Nasza Loteria NaM - pasek na kartach artykułów

Szpital powiatowy w Piotrkowie wchodzi w polemikę z NFZ. Chodzi o pieniądze na Powiatowe Centrum Matki i Dziecka (PCMD)

Redakcja
Szpital powiatowy w Piotrkowie wchodzi w polemikę z NFZ. Chodzi o pieniądze na Powiatowe Centrum Matki i Dziecka (PCMD)
Szpital powiatowy w Piotrkowie wchodzi w polemikę z NFZ. Chodzi o pieniądze na Powiatowe Centrum Matki i Dziecka (PCMD) oby
Dyrekcja szpitala powiatowego w Piotrkowie przy ul. Roosevelta, czyli Powiatowego Centrum Matki Dziecka (PCMD), alarmowała ostatnio, że ryczałt przyznany przez NFZ wystarczy placówce tylko do września. NFZ wskazywał z kolei, że ryczałt podniesiono, ale działania po stronie samego szpitala nie pozwoliły na wyższy poziom finansowania. Szpital wchodzi w ostrą polemikę z takim stanowiskiem. NFZ ripostuje.

Szpital powiatowy w Piotrkowie wchodzi w polemikę z NFZ. Chodzi o pieniądze na Powiatowe Centrum Matki i Dziecka (PCMD)

Wszystko zaczęło się w środę, 15 maja, od konferencji prasowej zwołanej przez dyrekcję Powiatowego Centrum Matki i Dziecka w Piotrkowie (szpital powiatowy przy ul. Roosevelta).

- Pieniądze z NFZ (6,6 mln zł - red.) są niewystarczające do dalszego funkcjonowania Powiatowego Centrum Matki i Dziecka w Piotrkowie Trybunalskim - alarmowała Eliza Bartkowska, dyrektorka PCMD.

Brzmiało to jak zapowiedź nieuchronnej upadłości szpitala powiatowego, który od dawna przynosi wielomilionowe straty, z próbą zrzucenia winy na NFZ.

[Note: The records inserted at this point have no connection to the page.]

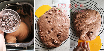 2、面团松弛后取出,在工作台上进行翻面对折动作,完成后再放回面包筒中,第二次加盖发酵约60分钟。
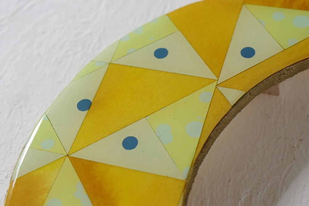 フランス在住の間にコラージュを始め、「ききゅう」や「パリの街」をテーマに作品制作を続けています。ペイントした紙を切り貼りしたものをエポキシレジン(樹脂)で覆っています。
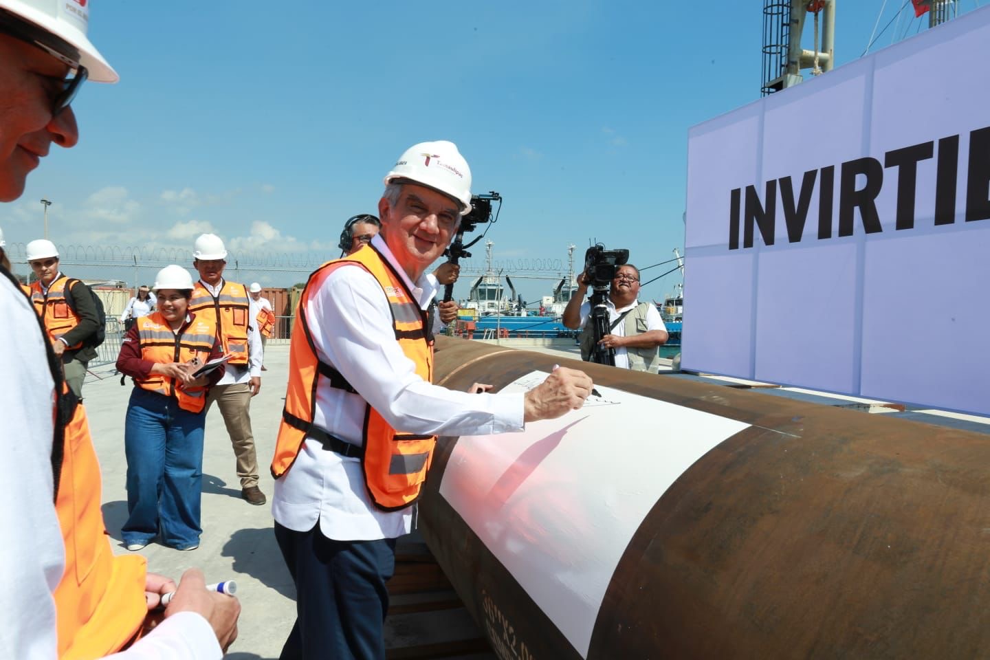 En el acto también estuvieron presentes Octavio Barrera Torres, director de Exploración y Producción de Pemex; Jesús Toledo Guzmán, subsecretario de Asuntos Marítimos y Portuarios; Vidal Llerenas Morales, subsecretario de Industria y Comercio de la Secretaría de Economía; Fidel Maldonado Herrera, titular de la ASIPONA Altamira; Walter Julián Ángel Jiménez, secretario de Desarrollo Energético de Tamaulipas, y Ninfa Cantú Deándar, secretaria de Economía.
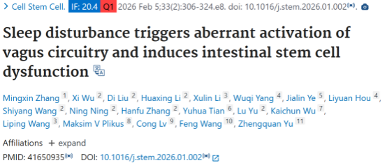 一项郑州大学发表在《Cell Stem Cell》上的研究:Sleep disturbance triggers aberrant activation of vagus circuitry and induces intestinal stem cell dysfunction,即睡眠障碍触发迷走神经回路的异常激活,并导致肠道干细胞功能障碍。本研究发现,急性睡眠剥夺会损害肠道干细胞功能,导致隐窝-绒毛结构缩短及潘氏细胞缺失。该研究揭示了调控肠道干细胞的睡眠剥夺响应性神经回路,并提出了缓解睡眠剥夺相关肠道疾病的治疗策略。
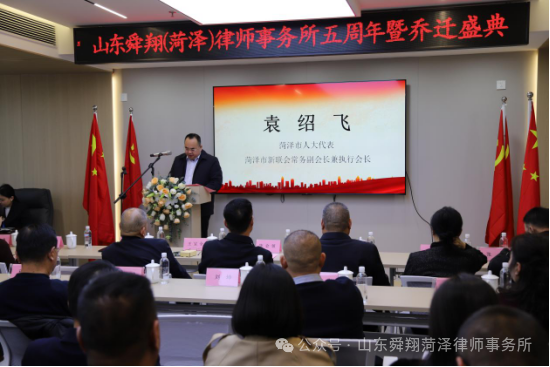 在致辞环节,多位嘉宾先后发表讲话,为舜翔菏泽所的五周年庆典与乔迁新址送上祝福。

NFZ wyrażał zdziwienie takim stawianiem sprawy i wskazywał m. in., że Powiatowe Centrum Matki i Dziecka w Piotrkowie otrzymało o 564 tys. zł wyższy ryczałt (o 10 proc.) w stosunku do roku 2018. Rzeczniczka Łódzkiego Wojewódzkiego Oddziału NFZ wymieniła cały szereg działań (a raczej zaniechań) po stronie samego szpitala, które - jak tłumaczyła - nie pozwoliły na wyższy poziom finansowania PCMD i sugerowała, że problem może tkwić w sposobie zarządzania placówką.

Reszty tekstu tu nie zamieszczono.